Prefect workers set up execution infrastructure and start flow runs.

<Tip>
  **Advanced topic**

  Extending the Prefect framework by developing a worker requires deep knowledge of
  Prefect. For standard needs, we recommend using one of the [available worker types](/v3/deploy/infrastructure-concepts/workers/#worker-types).
</Tip>

This guide walks you through creating a custom worker that can run your flows on your chosen infrastructure.

## Worker configuration

When setting up an execution environment for a flow run, a worker receives configuration for the infrastructure it is
designed to work with. Examples of configuration values include memory allocation, CPU allocation, credentials, image name.
The worker uses this configuration to create the execution environment and start the flow run.

<Tip>
  **How are the configuration values populated?**

  The work pool that a worker polls for flow runs has a [base job template](/v3/deploy/infrastructure-concepts/work-pools/#base-job-template)
  associated with it.
  The template is the contract for how configuration values populate for each flow run.

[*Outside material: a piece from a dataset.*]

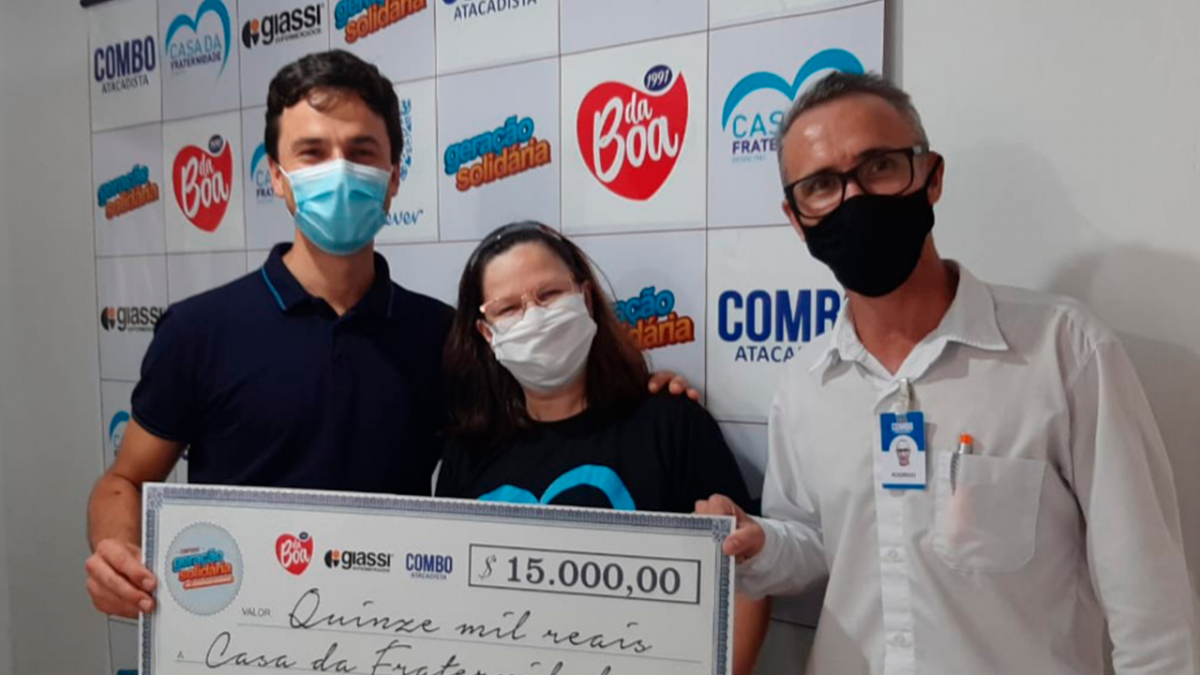 Com um incremento de 31% das vendas dos produtos das Massas da Boa, a MDB Indústria Alimentícia, e a Rede Giassi, repassarão R$ 15 mil para a Casa da Fraternidade, através do projeto Geração Solidária de março. Para abril, as vendas serão de produtos OMO e de produtos com a marca Giassi, em todos os supermercados da rede Giassi.

  The keys in the `job_configuration` section of this base job template match the worker's configuration class attributes.
  The values in the `job_configuration` section of the base job template populate the attributes of the worker's
  configuration class.

  The work pool creator gets to decide how they want to populate the values in the `job_configuration` section of the base
  job template. The values can be hard-coded, templated using placeholders, or a mix of these two approaches. Because you,
  as the worker developer, don't know how the work pool creator will populate the values, you should set sensible defaults
  for your configuration class attributes as a matter of best practice.
</Tip>

### Implementing a `BaseJobConfiguration` subclass

Defines a worker's configuration to function with a class that extends `BaseJobConfiguration`.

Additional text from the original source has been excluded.